When we talk about databases is a completely different picture as it involves a large amount of data and at this point, SQL becomes a necessary tool and I found myself struggling to understand some terminologies associate with them as I came from a business/economic background.

Database’s ecosystem includes concepts such as the Relational Model, Data Normalization, Entity Relationship Diagram and so on. As part of my learning process, in this blog, I will firstly look at some elementary database concepts without getting into too much detail, but sufficiently important to understand what is a database and its relationship with SQL. In another blog, I’ll use a database for the purpose of understanding these concepts in practice.

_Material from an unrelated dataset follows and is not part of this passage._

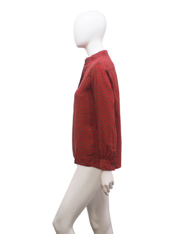 スタンドネックカラーのボディーにペイズリーパターンが描かれたシャツは、鮮やかすぎないレッドカラーも相まったヘルシーなムードが魅力。

Understanding the basic principles of the database in the Relational Model of data

The digital era has brought three related implications: the rapid growth of electronic device, the massive growth of data and rapidly evolving methods for analysing data.

Data has become essential to every business and in almost every organization data have been gathered from several sources. For example, from an e-commerce website perspective, data can be split into two major components: a front-end that displays and collects information, and a back-end for storing the information.

Many people do not know much about database technology (including myself). We usually use a EXCEL spreadsheet which often leads to data inconsistency. The use of a spreadsheet may not cause a serious problem for a small data set, however, for a large organization, it could lead to serious errors.

Database vs Spreadsheet

The common problems in spreadsheets are as follow:

(1) No control of redundant data: Some people/organization often keep redundant data for convenience. This redundancy of data could make the data set inconsistent.

(2) Violation of data integrity: Data integrity means consistency among the stored data.

Suppose we have two separate spreadsheet files that store student data:

Figure 1 — Spreadsheet

Take a look at the Grade Roster table in fig. 1: Student Mary Browmwith student ID number 4567 is stored more than once. This is called data redundancy, for some people, it could make data access convenient, but it can be harmful. For example, if Mary Browm changes her name or her major, then all her names and major stored in the system must be changed altogether.

For small data systems, it could be easier to solve. However, when the data system is huge, making changes to all redundant data is difficult if not impossible. To try to solve the redundancy problem, as a result, the entire data set could be corrupted.

We can also see that Alex Wilson received a grade in MKT211 however, we cannot find Alex Wilson in the Student Roster table. This means, the two rosters are not consistent. If we have data integrity control to enforce the rules, for example, “A student can’t receive a grade unless she/he has registered and paid tuition”, then we would avoid such violation of data integrity.

So to avoid these problems, database technology should be applied. A database is an organized collection of related data. It is an organized collection because in a database all data is described and related to one another.

There have been different types of databases over time: Hierarchical Database, Network Database, Relational Database, NoSQL Databases and so on. Databases follow a design model and the most popular is called Relational Model that was introduced by Edgar F. Codd.

The structure of Relational Model related to databases starts with a concept called tables referring to them as a collection of relations.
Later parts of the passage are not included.